By default, Svarog looks for the file containing the mp5 binary in PATH. If you installed the system from .deb packages (see http://deb.braintech.pl) it should be already preconfigured. If that does not work, you should provide the correct path in the "Preferences" dialog (Edit/Preferences), tab Tools:

chooseMPexecutor

If you downloaded mp5 together with Svarog in one archive, executables for different operating systems can be located under mp5 in subfolders linux, windows, and mac.

Selecting the signal epoch(s) for decomposition

Using icons in the toolbar, mark in Svarog the part of the signal that you want to decompose and select Tools/MP decomposition from the menu

MP_Decomposition_configuration

Signal selection tab allows you to change selection or e.g. set up decomposition of the whole signal page by page. Window above presents a selection of a single epoch; to decompose longer recording in smaller subsequent epochs one should mark the option "whole pages only" in the "Whole signal" tab as in the screenshot below:

Settings in other tabs correspond to the parameters of decomposition that will be written to the configuration file. Their meaning is explained in the next chapter.

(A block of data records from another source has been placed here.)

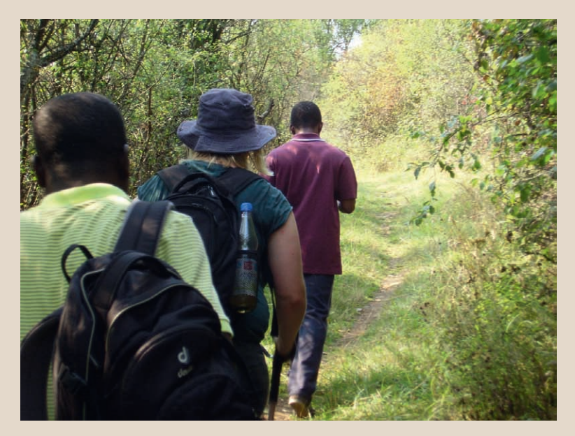
The hiking crew walk up the hill in the Fränkische Schweiz
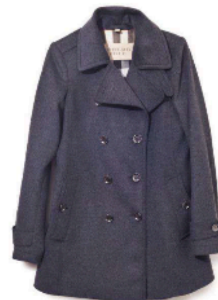
barberry brit, $795
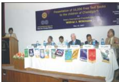
The meeting begins with welcome address
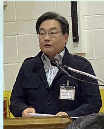
Consul General Tajima
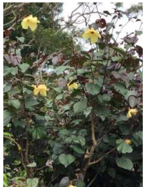
Hibiscus Tiliaceus Rubra , also from O'Connor back garden
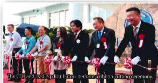
The CEO and leading distributors perform a ribbon-cutting ceremony.
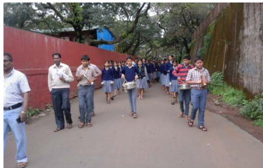
Photograph 5: Street plays and student rally
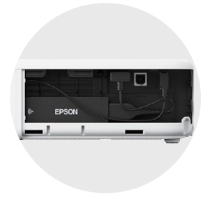
Enjoy easy access to online content by connecting the Android TV<sup>™</sup> dongle to the projector
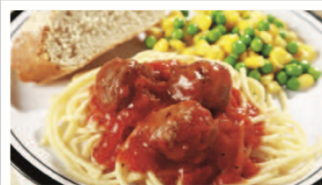
Meatballs in Tomato Sauce served with Spaghetti, Garlic & Herb Bread and Seasonal Vegetables
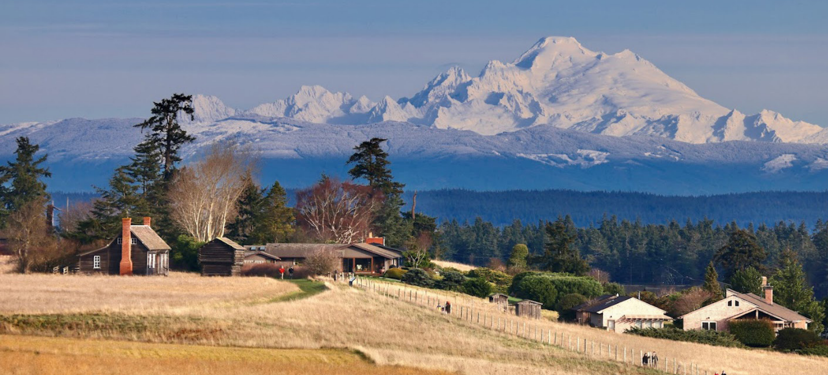
View of Mount Baker from Ebey's Landing.
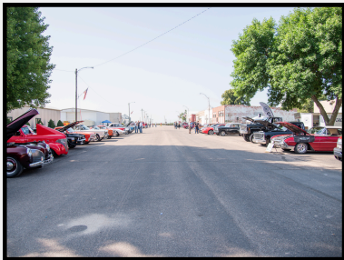
Village of Bradshaw
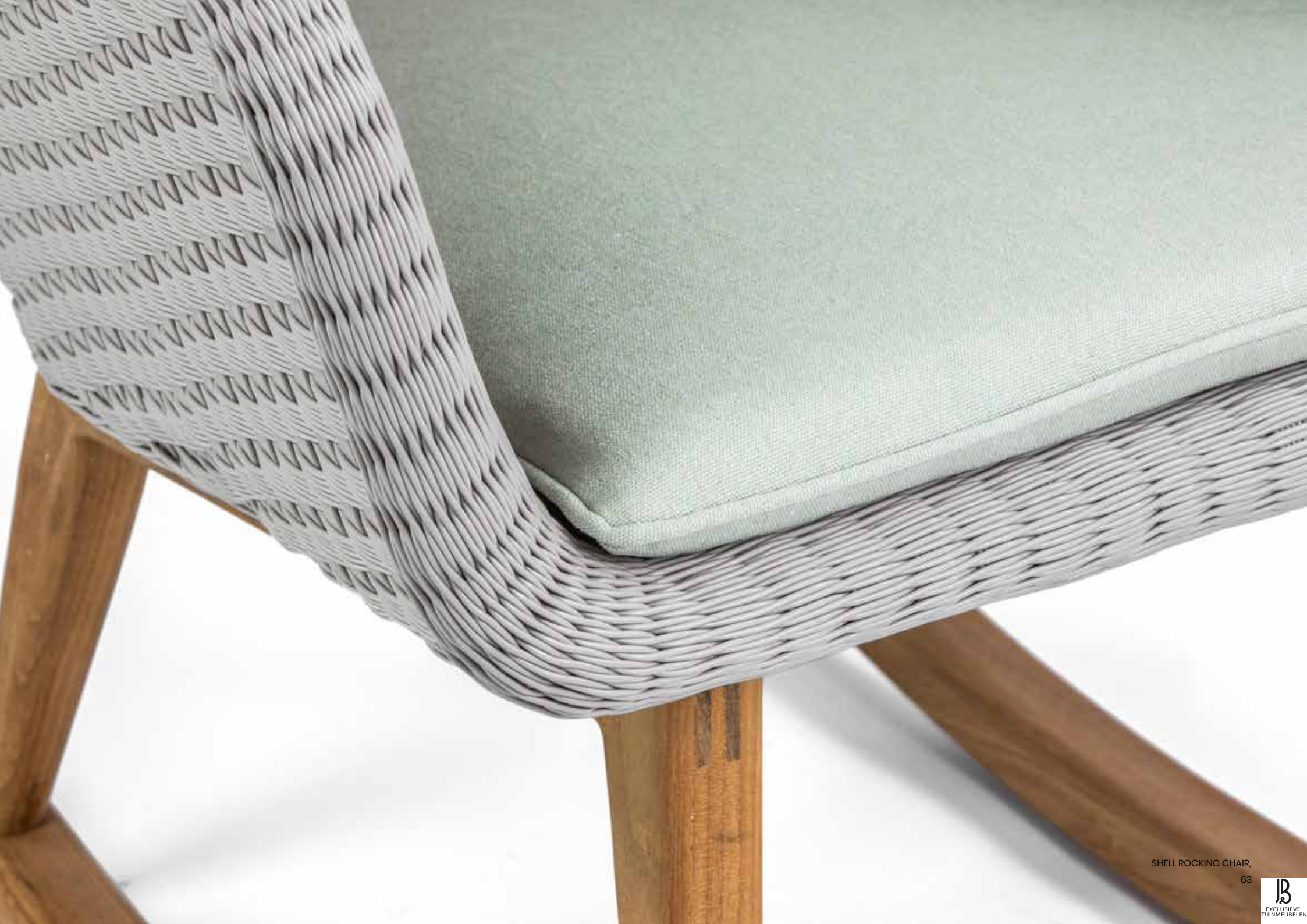
SHELL ROCKING CHAIR.
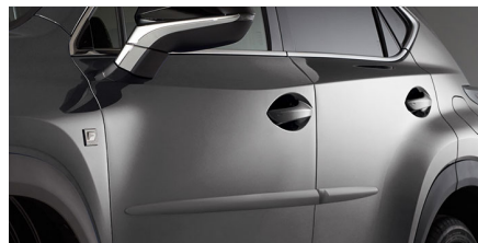
Body Side Moulding $228.50*

Custom designed for your Lexus providing 400 watts of heating power. Provides easy cold weather starts reducing engine wear. Provides faster interior warm-up. Includes a 'strain relief' electrical cord.
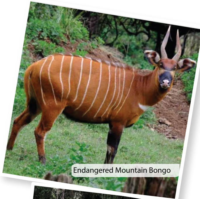
Endangered Mountain Bongo

The overall aim of the walking workshop was to strengthen KNT's knowledge platform for effective production, coordination and exchange of biodiversity and ecosystem services information by weaving multiple knowledge systems, and thereby to contribute to Kenya's efforts towards land degradation neutrality and pollinator conservation, which in turn promote and enable living in harmony with nature.
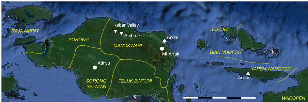
Fig. 1. Distribution of Calamophis on the Vogelkop Peninsula, West Papua Province, and Schouten Islands, Papua Province, West New Guinea. Titles in yellow italic font identify political entities (regencies) that are bordered by yellow lines. Titles in white font label collection localities. Species are indicated by symbols, including C. sharonbrooksae (circle), C. ruddelangi (downward triangle), C. katesandersae (diamond), and C. jobiensis (upward triangle). Scale = 200 km.

(David and Vogel, 1996). The fact that specimens from many parts of the world had become mixed with the Javanese specimens is clearly evident in the composition of Brachyorrhos , as the forms badius , flammigerus , schach , and torquatus are, in fact, South American taxa that are now placed in the genus Atractus . Adler (2012:80) provided additional examples of non-Asian snakes mixed in with Javan specimens in Heinrich Boie's collections. The species described as Brachyorrhos kuhli , which was earlier described as Coluber brachyurus by Kuhl (1820), is actually a specimen of Atractus trilineatus (fide Hoogmoed, 1982). This considerable confusion, caused by the arrival at the home country institution of specimens from far and wide, would present adequate grounds to doubt that the specimen of B. albus originated from Java.
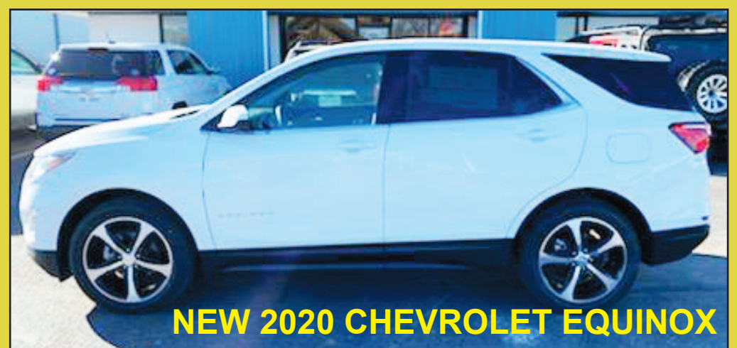
NEW 2020 CHEVROLET EQUINOX
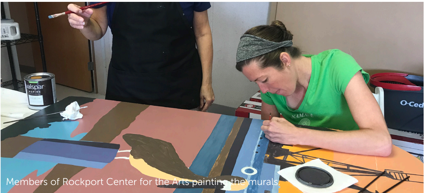
Members of Rockport Center for the Arts painting the murals.
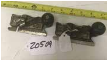
Lot#20509. 2 pieces, Stanley No. 98 and 99 Side Rabbet Planes
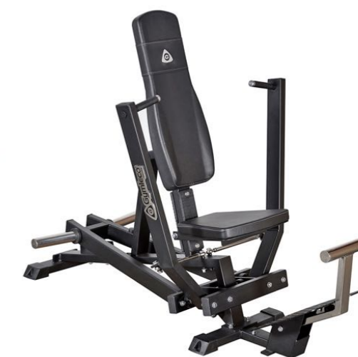
Lateral Wide Chest Art.nr: 021

Length: 180 cm Width: 104 cm Height: 137 cm
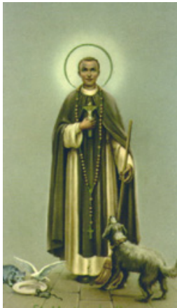
St. Martin de Porres Nov 3

For the last few years the Lay Dominican structure has tried to emphasize our obligation to the Apostolate. Many, many of you have responded magnificently in so many ways. Thank you! Others have responded a little, shall I say, grudgingly or really not at all. This is an essential part of the Lay Dominican charism and one that you freely promised to incorporate into your life. You can fudge your Dominican obligation to the apostolate and maybe no one will ever call you on it. But this will not relieve you of the obligation placed upon all Christians by this Gospel. You cannot fool the King and on that day when
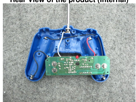
Rear View of the product (Internal)
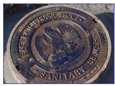
One of the first steps in rehabilitation includes a physical inspection of manholes and pipes to identify blockages.

Rehabilitation of the sewer collection system is a comprehensive physical process that begins with cleaning and inspection of sewer pipes and manholes. Typical rehabilitation repairs include pipe and manhole replacement and trenchless technologies that minimize above ground disturbances, such as curedin-place pipe liners.
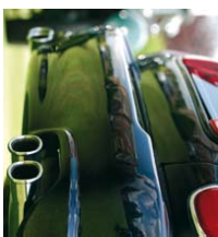
REAR SPORTS BUMPER AND QUAD EXHAUST TAILPIPS
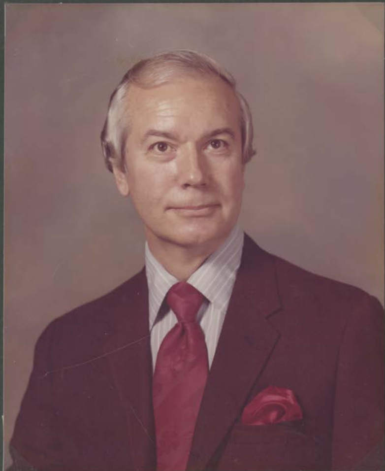
Winston-Salem - This picture of myself was taken at "The Portrait Place" on March 4, 1982, age 50.

After pressing Ok we get the window showing the progress of the task

Svarog_MP_progress

Execution time depends strongly on selected settings and length of the signal being decomposed. It can be quite long for multichannel decompositions. If a single channel was selected (as in the picture above) with default settings, and the sampling frequency was not extremely high (that is, there are no more than few thousand points in the selected epoch) decomposition should not take more than a minute on average PC.

You can move this window aside and continue working with Svarog in the meantime.

After the task completes, Get result button will appear at the bottom of the window. Pressing it opens a dialog where you can choose Open in the viewer and/or Save to disk. The former option opens a new tab in Svarog and diplays the timefrequency map of the signal's energy density, computed from the decomposition:

Svarog_MP_book

Below the map the program displays the original signal, its reconstruction from all the atoms from the (just computed) decomposition, and the reconstruction computed from the selected atoms. You can select atoms by clicking the crosses in their centers. After clicking the magnifying glass in the top left, you can zoom selected area of the map.



Detailed settings and structure of the mp5 config file

Parameters of the decomposition, entered in subsequent tabs of the MP Decomposition configuration window, are written to a configuration file, which is in turn passed by Svarog to the mp5 binary. Mp5 config file consists of lines, which can be divided into three groups:

Each line, which is not a comment, is treated as a setting for the program. Each setting consists of its name and assigned value. If any of the obligatory settings is missing, mp5 will return error. If the user does not set the additional settings, mp5 sets the default values. Lines with commands and comments can occur within the config file in any order.

Comments in the config file

The user can add his own comments to the configuration file by placing a # sign in front of the line. There are two type of comments:

Although in general the results are written to the binary file, the comments are saved as text and can be viewed by standard text editor.

Input settings — obligatory settings

Signal (time series) for mp5 decomposition must be stored in a binary file as a 4-byte float numbers.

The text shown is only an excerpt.